中小企業の味方!補助金で始めるシステム導入!DX化のススメ

  • 2026.05.11
  • #DX#セキュリティ#業務システム#業務効率化
  • 「業務を効率化したいけど、システム導入にはコストがかかる…」
    そんな悩みを抱える中小企業の皆さまに朗報です!
    国や自治体が提供する補助金を活用すれば、システム導入の初期費用を大幅に抑えることができます。この記事では、補助金の基本から、システム導入に活用できる具体的な制度、注意点までをわかりやすくご紹介します。

補助金ってなに?

補助金とは、国や自治体が企業の取り組みを支援するために交付する「返済不要の資金」です。

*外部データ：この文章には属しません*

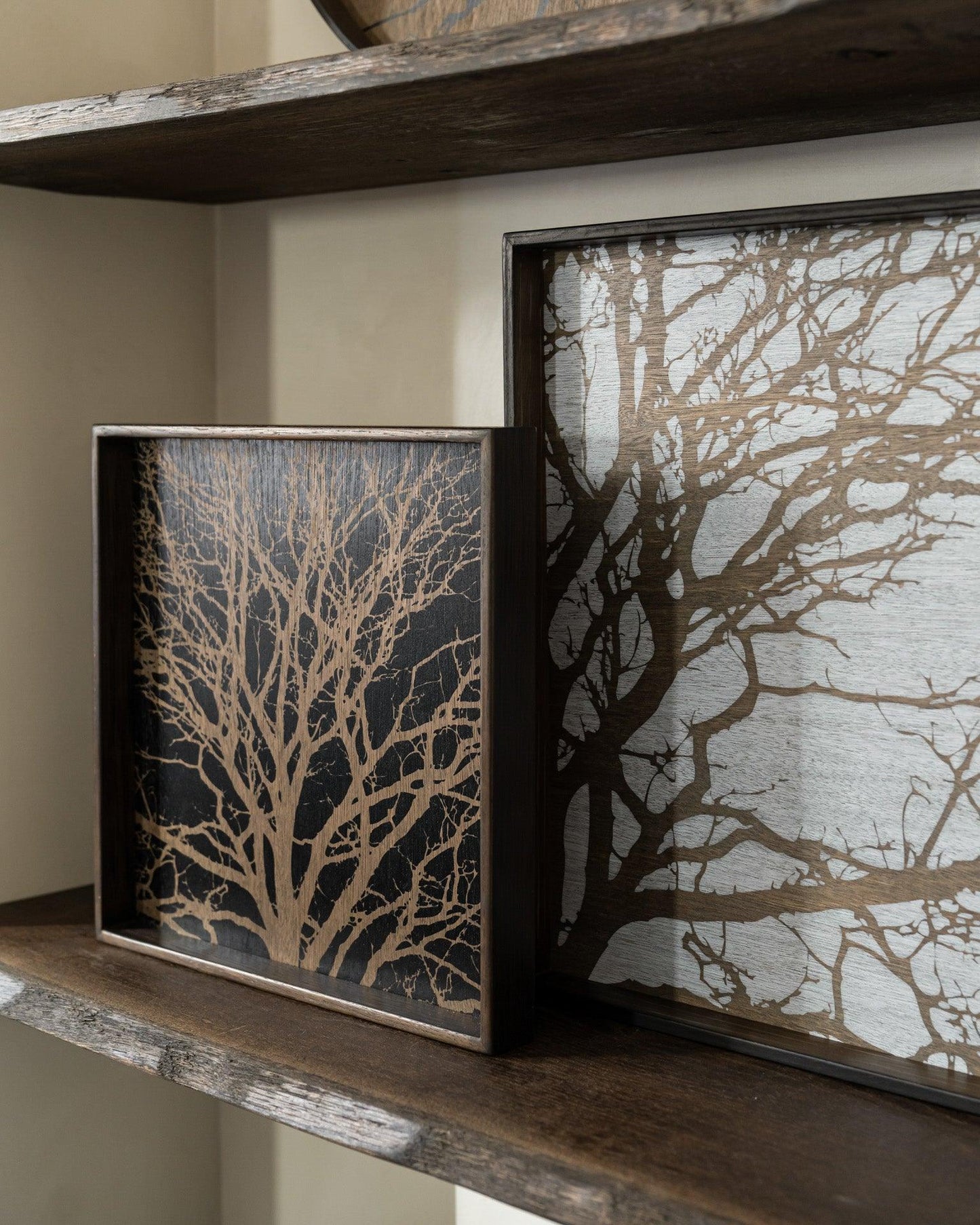 The Tray Square Coffee Table Set by Ethnicraft is a masterclass in versatility and chic design, making it a quintessential addition to contemporary homes. Crafted with an innovative approach, this set features a pair of coffee tables that not only serve as a striking focal point but also offer functional flexibility to adapt to your entertainment needs. The standout feature is the optional tray top, available in an array of colors and patterns, allowing for effortless customization to complement your interior design. The sleek black metal frame provides a durable foundation, contrasting beautifully with the wooden top for a modern aesthetic. Whether used together for a layered effect or separately as a coffee and side table, this set is sure to enhance the ambiance of any space. *Trays not included.
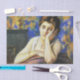 Este diseño presenta un cuadro del pintor impresionista italiano Federico Zandomeneghi (1841-1917). Muestra a una joven elegante inclinada contra la parte de atrás de una silla. Ella tiene la mano apoyándose en su cabeza y está sonriendo suavemente. La mujer tiene pelo de morena limpio y ojos azules. Ella está sentada en una sala de estar con papel pintado de colores vivos. Parece que hay una chimenea detrás de ella.
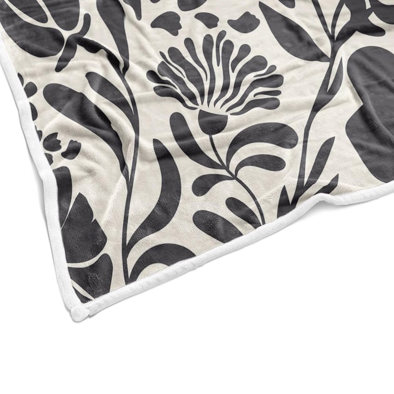 Black and White Retro Floral Blanket, Boho Mid Century Modern Abstract Floral Plants Aesthetic Throw Blanket, Terracotta Cute Cozy Soft Flannel Baby Throw and Blankets Couch Sofa Bed Decor 50"X60"in
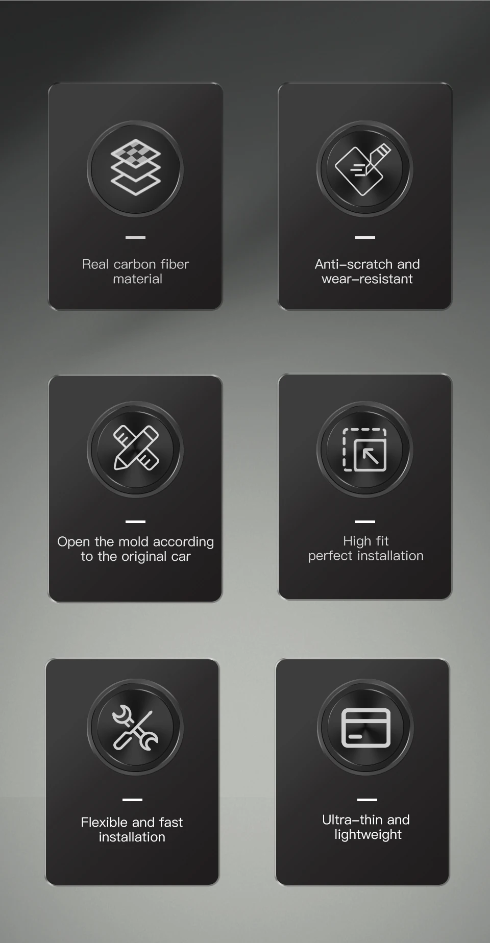 1) Made of high quality carbon fiber, dry carbon fiber hot Pressing process. Not ABS, not water transfer process.
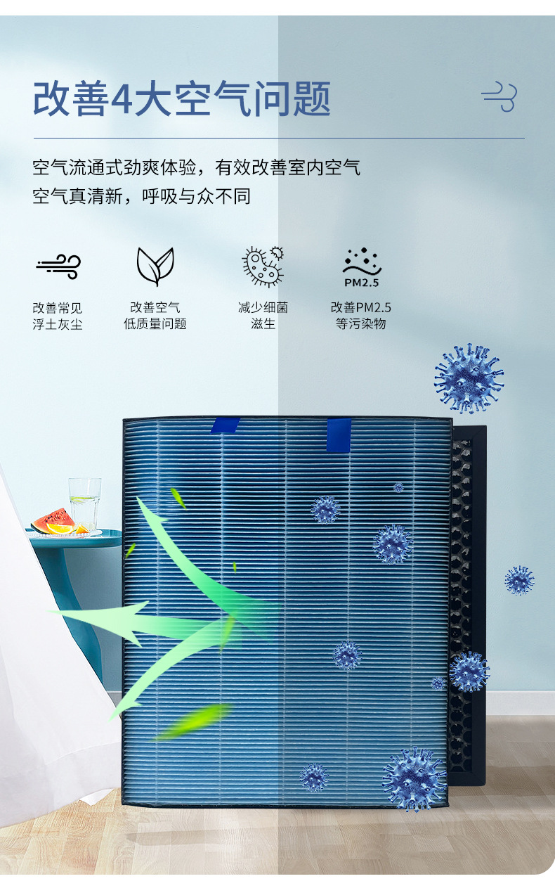 - Quality Filtration: Features a dual-layer media with a highly efficient HEPA filter for dust and haze removal, combined with an activated carbon layer to effectively absorb formaldehyde and other harmful gases.
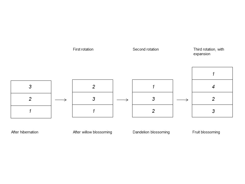 The crux of the method resides in choosing the proper moment and the frequency of the chamber reversals. As is often the case in beekeeping, various authors have different opinions about this. According to Bretschko, the first reversal (or rotation) should take place at the end of the first development phase, right after the willow bloom, and before the cherries start flowering. Lorenz performs the first rotation 2-6 weeks after the willow bloom. This first rotation is decisive for the whole season in order to guarantee a stress-free development of the colony. If we are too late swarm fever may occur. A useful rule of thumb is to carry out the rotation when there are 6-7 brood frames in the upper chamber, which are well covered with bees. While carrying out the rotation we can, at the same time, replace old frames with foundation and, if so desired, an empty construction frame. All in all, 3-4 rotations at most will be necessary during one season.
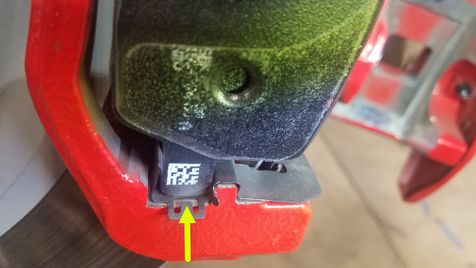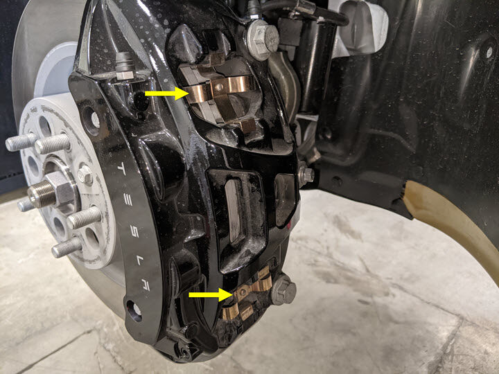 Apply a thin layer of Tesla-approved brake caliper lubricant to the brake pad contact
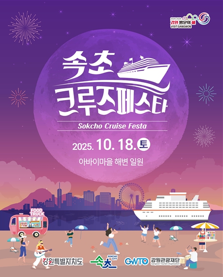 처음 개최되는 이 행사는 18일 오전 10시 크루즈 입항 일정에 맞춰 펼쳐지는 지역 상생형 속초 크루즈 관광 축제로, 국내외 관광객과 시민이 함께 즐기는 축제이다.
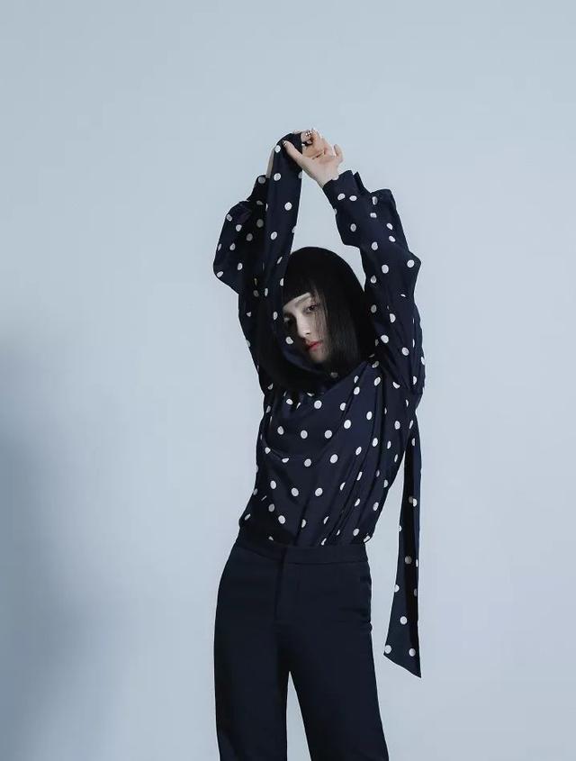 即使是衬衫,也遵循了肩线下移的规律。相对于修身的衬衫,这样穿是不是显得人小巧了许多呢?
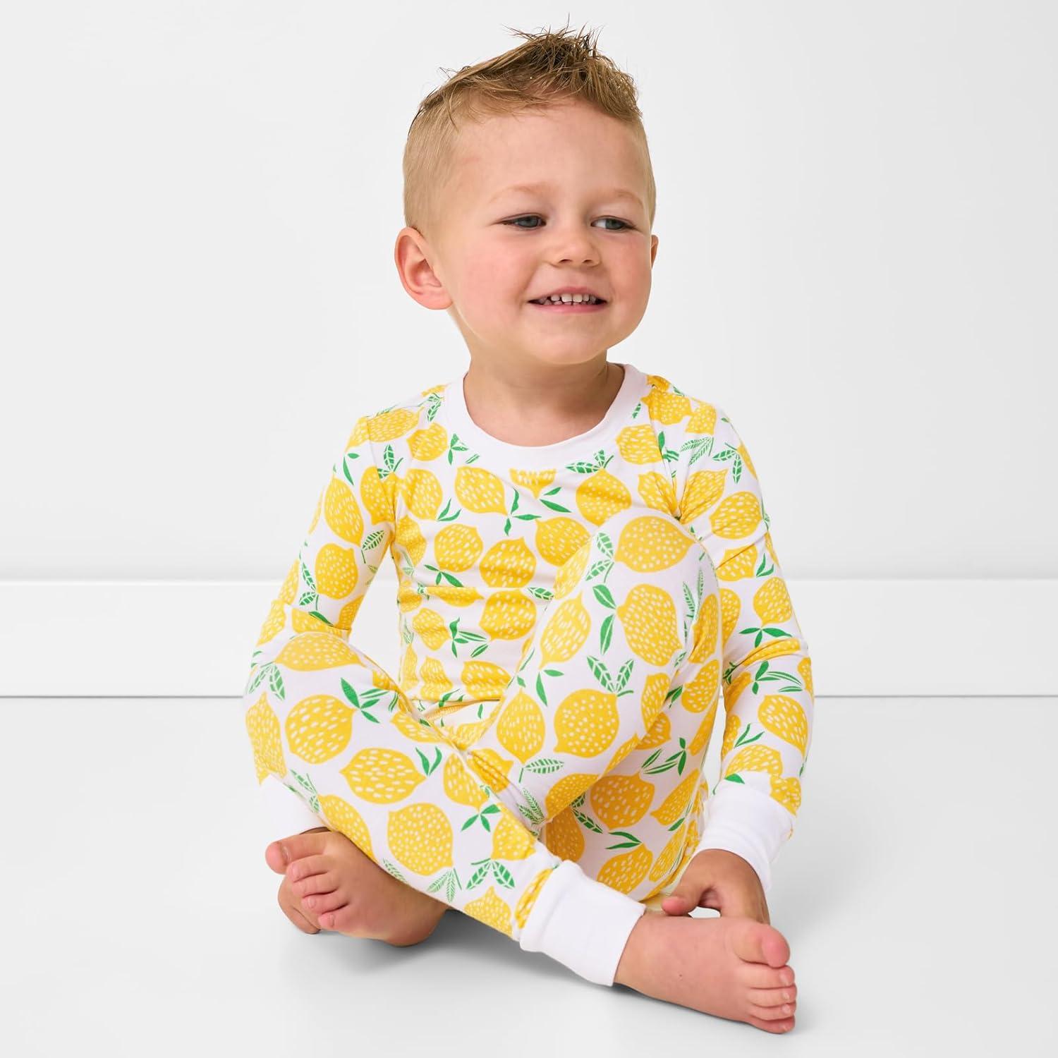 Little Sleepies Two-Piece Pajama Set for Boys & Girls, Soft Viscose from Bamboo Toddler Pajamas for Kids, Family Matching PJs(Lemons)
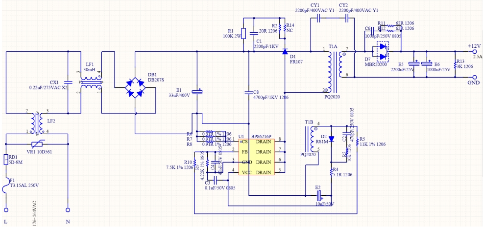 在现代家用电器市场中,电源适配器的效率和稳定性至关重要。今天,我们将深入剖析一款基于 BP86216P 的 12V2.5A 电源方案,其实测效率超过 85%,堪称 30W 功率段的“小钢炮”。
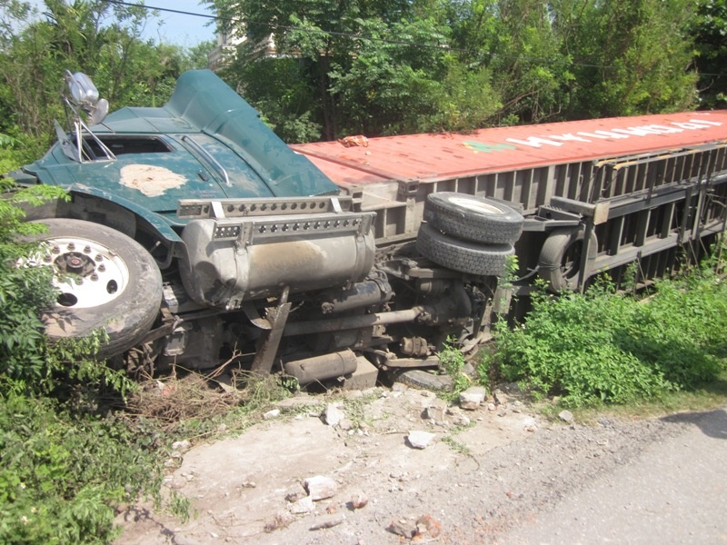 Vào khoảng 4h sáng ngày 14/8, một vụ tai nạn lật xe xảy ra trên quốc lộ 1A đoạn qua xã Nghi Long, huyện Nghi Lộc, Nghệ An.
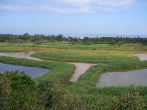 來到無尾港 最重要賞鳥喔 賞鳥台上風景好 微風吹來很舒服 雖然今天沒看到鳥 十月份就會有候鳥來 這時就會很熱鬧喔
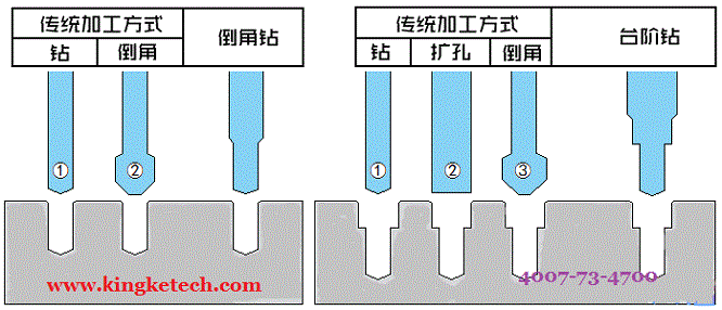 1.臺階鉆,一個或者幾個臺階一次性完成鉆頭,擴寬,倒角等;
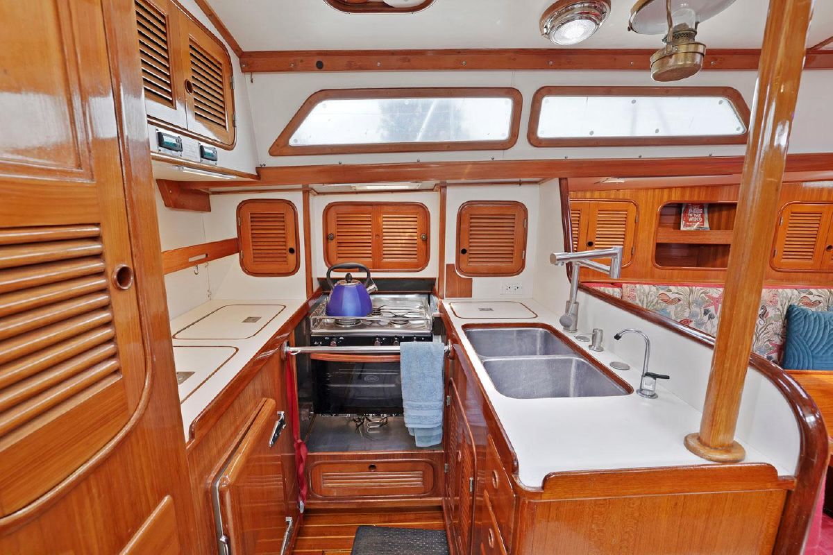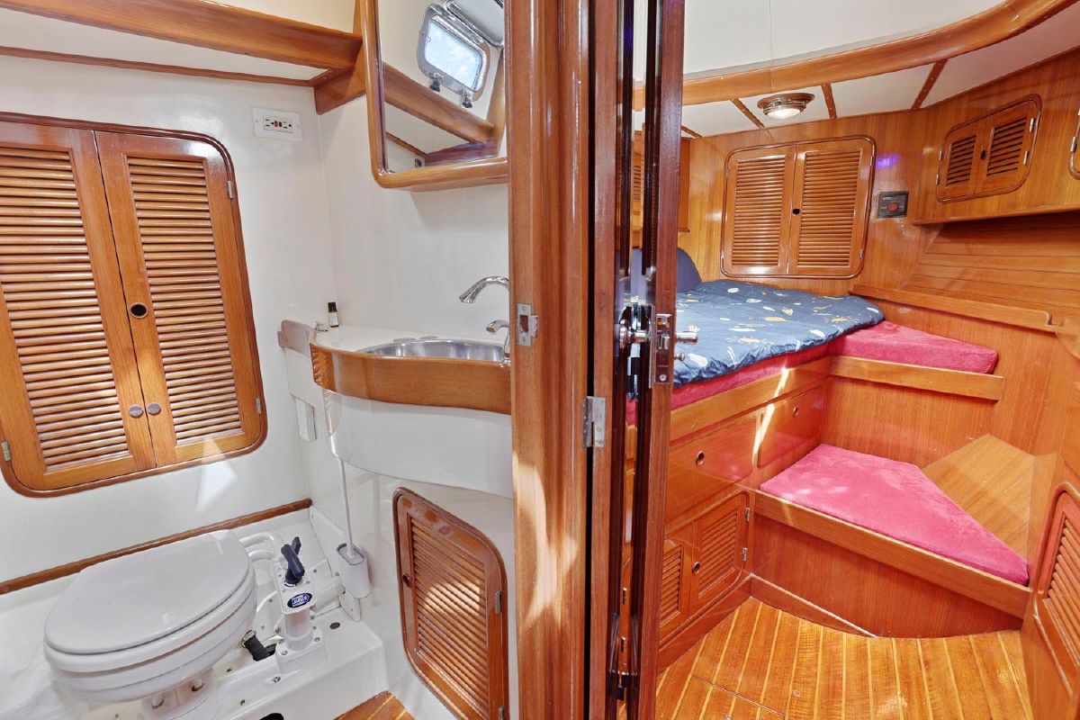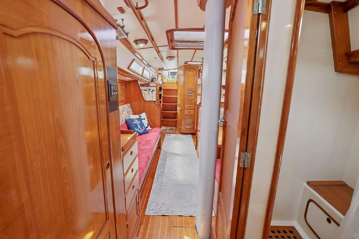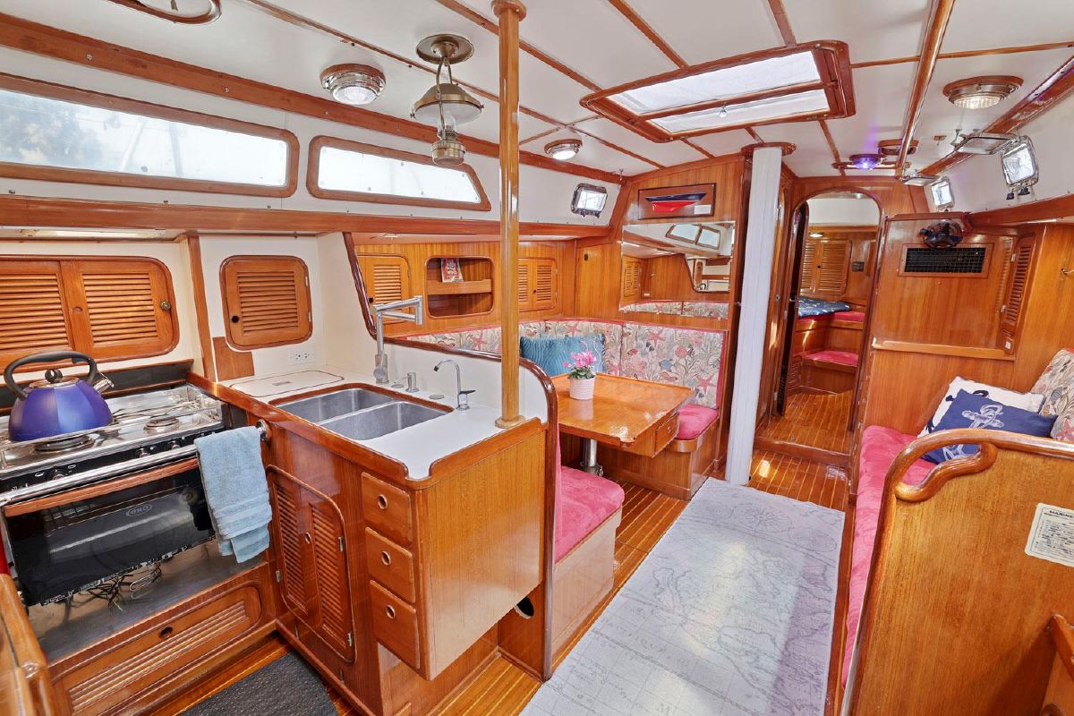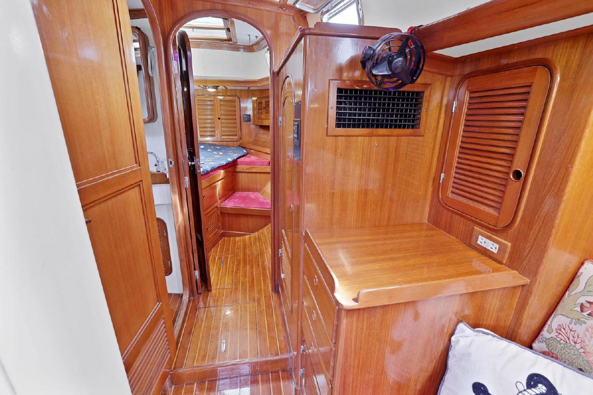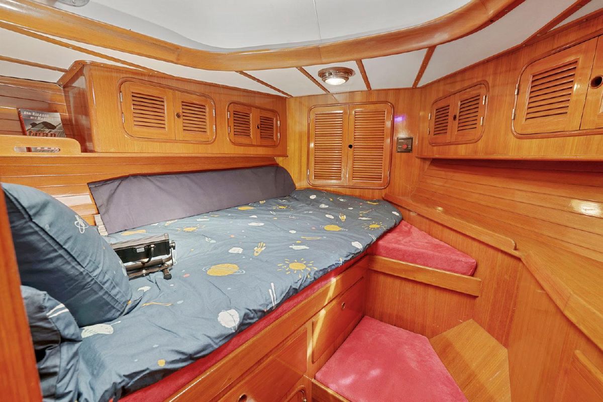 Below, you will be amazed by the craftsmanship and joinery. The warm & well-maintained teak interior, accented by the teak & holly cabin sole highlight the well thought out cabin. There are two private berths, one in the forepeak, one aft of the galley to port.

新しい設備やシステムの導入、業務改善など、さまざまな目的で利用できます。

システム導入に使える主な補助金

補助金名対象内容上限額・補助率
デジタル化・AI導入補助金
(旧:IT補助金)
業務効率化のITツール導入最大450万円・補助率2/3
ものづくり補助金新サービス・製品の開発支援最大2,500万円・補助率1/2〜2/3
中小企業省力化投資補助金省人化・自動化を目的とする最大1億円・補助率2/3

特に「デジタル化・AI導入補助金(旧:IT導入補助金)」は、クラウド型業務管理ソフトや販売管理システムなど、日々の業務を効率化するツールの導入に活用されています。

今回は、「デジタル化・AI導入補助金」にスポットを当てて詳しくご紹介していきます。

「デジタル化・AI導入補助金(旧:IT導入補助金)」の特徴

中小企業・小規模事業者が業務効率化や生産性向上のためにITツールを導入する際に活用できる補助金制度です。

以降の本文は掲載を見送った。